REQUIRED ACTION: Copy the listing below exactly, but skip the pictures.

SUPPLIED INFORMATION:

━━━━━━━━━━━━━━━━━━━━━━━━━━━━━━

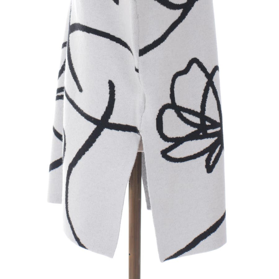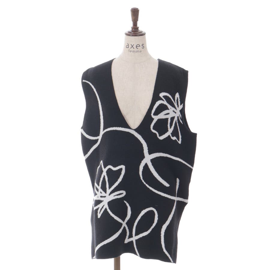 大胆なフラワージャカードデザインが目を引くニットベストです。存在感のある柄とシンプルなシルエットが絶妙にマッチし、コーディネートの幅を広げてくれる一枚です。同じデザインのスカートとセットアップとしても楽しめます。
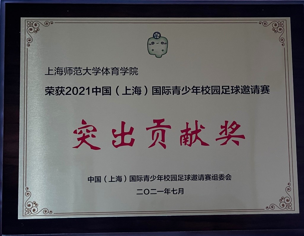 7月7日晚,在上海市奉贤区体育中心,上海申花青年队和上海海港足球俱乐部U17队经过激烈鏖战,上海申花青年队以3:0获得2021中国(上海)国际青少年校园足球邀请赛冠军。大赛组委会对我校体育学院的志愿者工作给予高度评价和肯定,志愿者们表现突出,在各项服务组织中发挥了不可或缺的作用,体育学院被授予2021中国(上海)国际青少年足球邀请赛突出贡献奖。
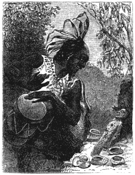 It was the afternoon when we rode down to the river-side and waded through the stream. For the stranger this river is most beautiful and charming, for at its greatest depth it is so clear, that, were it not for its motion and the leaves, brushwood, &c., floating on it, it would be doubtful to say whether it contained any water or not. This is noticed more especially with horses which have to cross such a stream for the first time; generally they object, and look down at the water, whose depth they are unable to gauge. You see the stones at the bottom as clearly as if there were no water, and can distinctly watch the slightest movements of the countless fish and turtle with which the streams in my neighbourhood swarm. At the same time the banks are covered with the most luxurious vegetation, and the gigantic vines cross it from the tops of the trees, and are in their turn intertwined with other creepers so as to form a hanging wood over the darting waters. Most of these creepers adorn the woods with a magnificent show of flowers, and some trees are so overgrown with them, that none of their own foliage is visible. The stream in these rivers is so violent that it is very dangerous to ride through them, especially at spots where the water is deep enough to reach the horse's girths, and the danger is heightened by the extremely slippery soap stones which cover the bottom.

━━━━━━━━━━━━━━━━━━━━━━━━━━━━━━

OUTPUT:
 大胆なフラワージャカードデザインが目を引くニットベストです。存在感のある柄とシンプルなシルエットが絶妙にマッチし、コーディネートの幅を広げてくれる一枚です。同じデザインのスカートとセットアップとしても楽しめます。
 7月7日晚,在上海市奉贤区体育中心,上海申花青年队和上海海港足球俱乐部U17队经过激烈鏖战,上海申花青年队以3:0获得2021中国(上海)国际青少年校园足球邀请赛冠军。大赛组委会对我校体育学院的志愿者工作给予高度评价和肯定,志愿者们表现突出,在各项服务组织中发挥了不可或缺的作用,体育学院被授予2021中国(上海)国际青少年足球邀请赛突出贡献奖。
 It was the afternoon when we rode down to the river-side and waded through the stream. For the stranger this river is most beautiful and charming, for at its greatest depth it is so clear, that, were it not for its motion and the leaves, brushwood, &c., floating on it, it would be doubtful to say whether it contained any water or not. This is noticed more especially with horses which have to cross such a stream for the first time; generally they object, and look down at the water, whose depth they are unable to gauge. You see the stones at the bottom as clearly as if there were no water, and can distinctly watch the slightest movements of the countless fish and turtle with which the streams in my neighbourhood swarm. At the same time the banks are covered with the most luxurious vegetation, and the gigantic vines cross it from the tops of the trees, and are in their turn intertwined with other creepers so as to form a hanging wood over the darting waters. Most of these creepers adorn the woods with a magnificent show of flowers, and some trees are so overgrown with them, that none of their own foliage is visible. The stream in these rivers is so violent that it is very dangerous to ride through them, especially at spots where the water is deep enough to reach the horse's girths, and the danger is heightened by the extremely slippery soap stones which cover the bottom.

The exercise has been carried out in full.